In further conventional art, there has been provided, as a countermeasure to such problem, a liquid cutoff valve unit 202 shown in FIG. 10 having a structure in which the float 111 is formed, at its upper end portion, with a predetermined number of fine communication ports 203, each having a small diameter, for venting the air from the air reservoir 111b for reducing the buoyancy caused by the air in the air reservoir 111b, and the reduced buoyancy is adjusted by increasing a spring constant of the spring 113. The other structural elements of the liquid cutoff valve unit 202 of FIG. 10 other than the above structure are substantially the same as those of the cutoff valve unit 102, the descriptions thereof are omitted herein by adding the same reference numerals in FIG. 10.

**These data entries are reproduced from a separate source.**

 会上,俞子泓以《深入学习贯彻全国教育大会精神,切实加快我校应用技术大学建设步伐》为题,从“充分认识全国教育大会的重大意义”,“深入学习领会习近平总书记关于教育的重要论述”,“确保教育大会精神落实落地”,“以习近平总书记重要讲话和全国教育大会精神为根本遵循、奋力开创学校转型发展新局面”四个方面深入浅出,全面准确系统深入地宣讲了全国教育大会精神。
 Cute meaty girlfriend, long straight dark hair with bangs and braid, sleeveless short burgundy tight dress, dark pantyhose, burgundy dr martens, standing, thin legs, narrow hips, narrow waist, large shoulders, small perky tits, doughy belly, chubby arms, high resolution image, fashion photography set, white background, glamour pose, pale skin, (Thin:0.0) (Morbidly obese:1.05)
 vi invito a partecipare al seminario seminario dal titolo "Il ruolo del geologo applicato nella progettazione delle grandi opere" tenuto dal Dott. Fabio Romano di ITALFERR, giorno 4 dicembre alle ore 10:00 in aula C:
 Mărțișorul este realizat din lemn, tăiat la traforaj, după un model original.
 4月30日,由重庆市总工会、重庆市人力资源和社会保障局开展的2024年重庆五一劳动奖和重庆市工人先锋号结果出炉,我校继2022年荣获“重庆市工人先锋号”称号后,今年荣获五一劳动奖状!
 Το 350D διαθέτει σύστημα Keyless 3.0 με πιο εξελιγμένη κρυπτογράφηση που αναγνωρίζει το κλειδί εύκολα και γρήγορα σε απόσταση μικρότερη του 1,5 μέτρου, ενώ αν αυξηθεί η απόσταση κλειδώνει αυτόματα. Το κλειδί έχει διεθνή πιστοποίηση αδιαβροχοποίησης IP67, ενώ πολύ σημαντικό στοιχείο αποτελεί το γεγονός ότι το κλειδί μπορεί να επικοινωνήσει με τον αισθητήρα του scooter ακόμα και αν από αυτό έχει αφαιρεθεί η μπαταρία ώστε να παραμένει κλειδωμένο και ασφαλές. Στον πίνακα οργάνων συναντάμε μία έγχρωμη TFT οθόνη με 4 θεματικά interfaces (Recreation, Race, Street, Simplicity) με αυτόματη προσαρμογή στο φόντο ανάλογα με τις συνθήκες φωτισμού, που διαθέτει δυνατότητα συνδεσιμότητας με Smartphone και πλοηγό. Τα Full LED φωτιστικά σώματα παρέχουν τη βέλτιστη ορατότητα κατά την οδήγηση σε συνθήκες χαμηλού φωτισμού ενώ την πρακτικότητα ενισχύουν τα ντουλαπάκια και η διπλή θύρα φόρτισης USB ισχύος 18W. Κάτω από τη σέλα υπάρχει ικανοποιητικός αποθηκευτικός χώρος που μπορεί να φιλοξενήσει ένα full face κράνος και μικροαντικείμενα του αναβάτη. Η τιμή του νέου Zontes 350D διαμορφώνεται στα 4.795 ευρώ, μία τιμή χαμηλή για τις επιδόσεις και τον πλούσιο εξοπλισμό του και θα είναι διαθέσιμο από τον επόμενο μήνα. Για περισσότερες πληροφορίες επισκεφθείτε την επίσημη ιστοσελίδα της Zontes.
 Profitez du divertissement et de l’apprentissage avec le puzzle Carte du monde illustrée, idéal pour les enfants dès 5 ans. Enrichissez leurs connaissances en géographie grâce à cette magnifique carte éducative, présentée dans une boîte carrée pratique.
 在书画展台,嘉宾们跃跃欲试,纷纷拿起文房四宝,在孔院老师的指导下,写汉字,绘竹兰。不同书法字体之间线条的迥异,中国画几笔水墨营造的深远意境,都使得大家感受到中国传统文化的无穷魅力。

According to this structure, however, the valve opened degree, i.e. position, of the float valve 105 is changed in response to the fuel supply speed, and much difference will be caused in the fuel fill-up amount at the fuel supply time. That is, in a case where the fuel supply is performed slowly to gradually increase the liquid level L101a in the fuel tank 101, the air in the air reservoir 111b is discharged through the communication port 203 in accordance with the increasing, i.e. rising, of the liquid level L101a and, hence, when the liquid level reaches a relatively high position, the float valve 105 is closed as shown in the state of FIG. 11A. On the other hand, in a case where the liquid level L101a is rapidly increased, the air in the air reservoir 111b to be discharged through the communication port 203 is temporarily stored therein because the air discharging does not follow up to the rapid increasing of the liquid level L101a, and this stored air acts to the float 111 as buoyancy. A large amount of air, including the fuel steam G101, is discharged through the valve seat portion 110b, which results in the pressure lowering by which a sucking force is applied to the float 111 to easily open the same. Accordingly, in such case, the float valve 105 may be closed at the lower liquid level in the fuel tank 101 as shown in the state of FIG. 11B.

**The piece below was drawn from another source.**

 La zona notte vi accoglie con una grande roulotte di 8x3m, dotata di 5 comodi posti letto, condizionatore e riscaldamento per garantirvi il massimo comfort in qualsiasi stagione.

Thus, as mentioned above, when the fuel is rapidly supplied, the float valve 105 is closed faster in time, corresponding to the difference D1 in the liquid surface levels L101a between the states of FIGS. 11a and 11B. Therefore, the float valve 105 is closed at different liquid level in the fuel tank 101 in response to the difference fuel supply speeds, resulting in the difference of the fuel fill-up amount in the tank 101.